▶ _What is required_:
Transcribe the data exactly, omitting whatever pictures it holds.

▶ _Recorded information_:
####
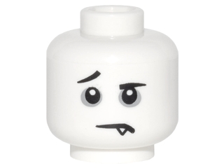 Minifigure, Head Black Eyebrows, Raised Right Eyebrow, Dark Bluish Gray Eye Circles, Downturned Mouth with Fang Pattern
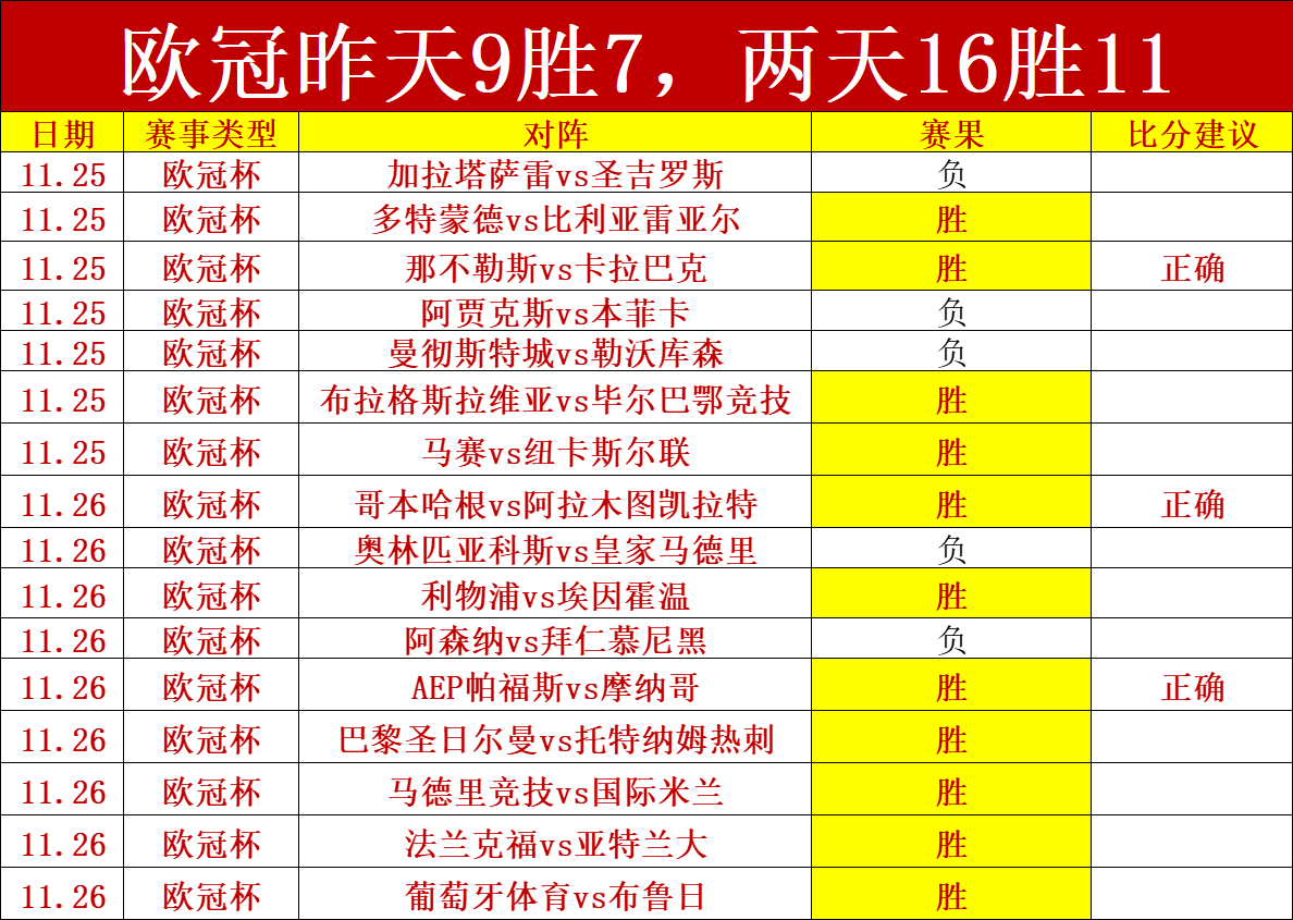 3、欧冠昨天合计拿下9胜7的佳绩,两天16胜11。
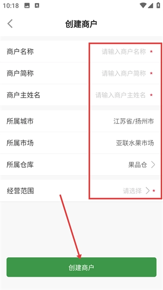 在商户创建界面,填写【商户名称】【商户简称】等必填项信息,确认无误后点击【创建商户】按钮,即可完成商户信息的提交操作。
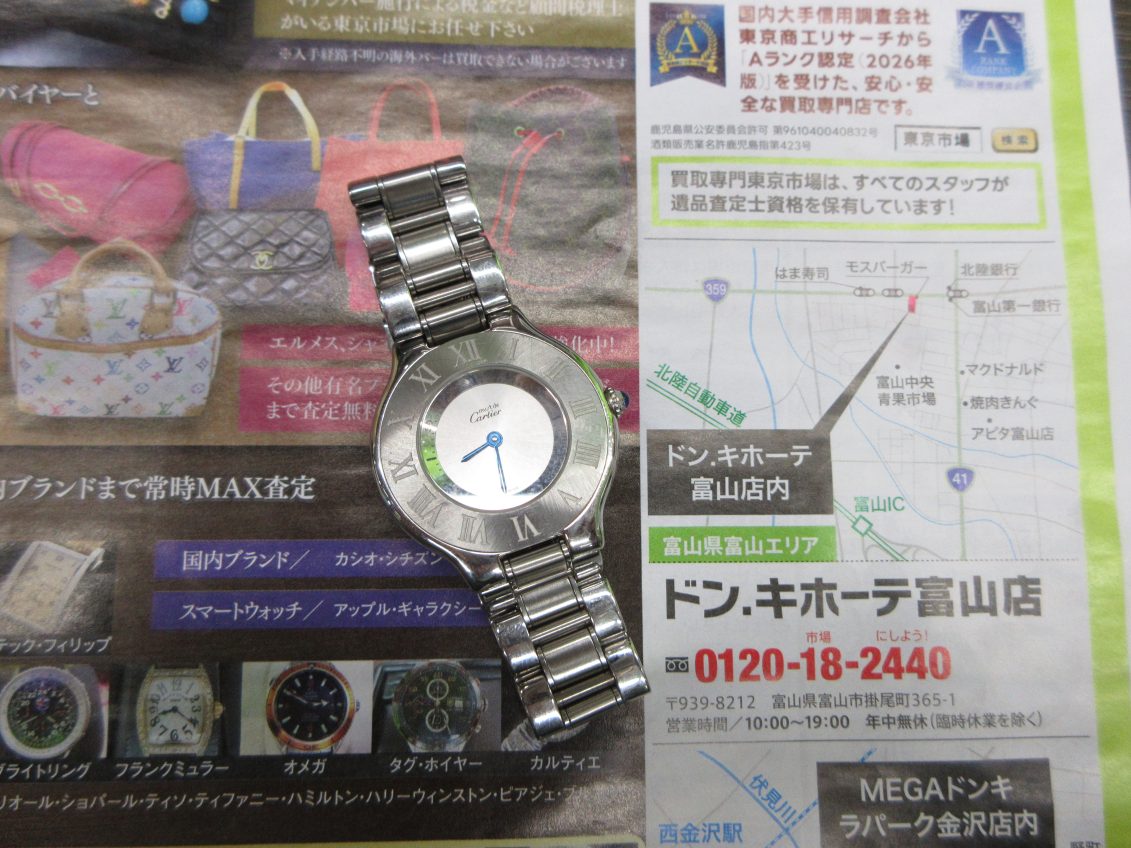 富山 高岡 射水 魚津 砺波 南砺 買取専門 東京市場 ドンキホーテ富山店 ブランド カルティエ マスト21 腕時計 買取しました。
####
▶ _Solution for this task_:
 Minifigure, Head Black Eyebrows, Raised Right Eyebrow, Dark Bluish Gray Eye Circles, Downturned Mouth with Fang Pattern
 3、欧冠昨天合计拿下9胜7的佳绩,两天16胜11。
 在商户创建界面,填写【商户名称】【商户简称】等必填项信息,确认无误后点击【创建商户】按钮,即可完成商户信息的提交操作。
 富山 高岡 射水 魚津 砺波 南砺 買取専門 東京市場 ドンキホーテ富山店 ブランド カルティエ マスト21 腕時計 買取しました。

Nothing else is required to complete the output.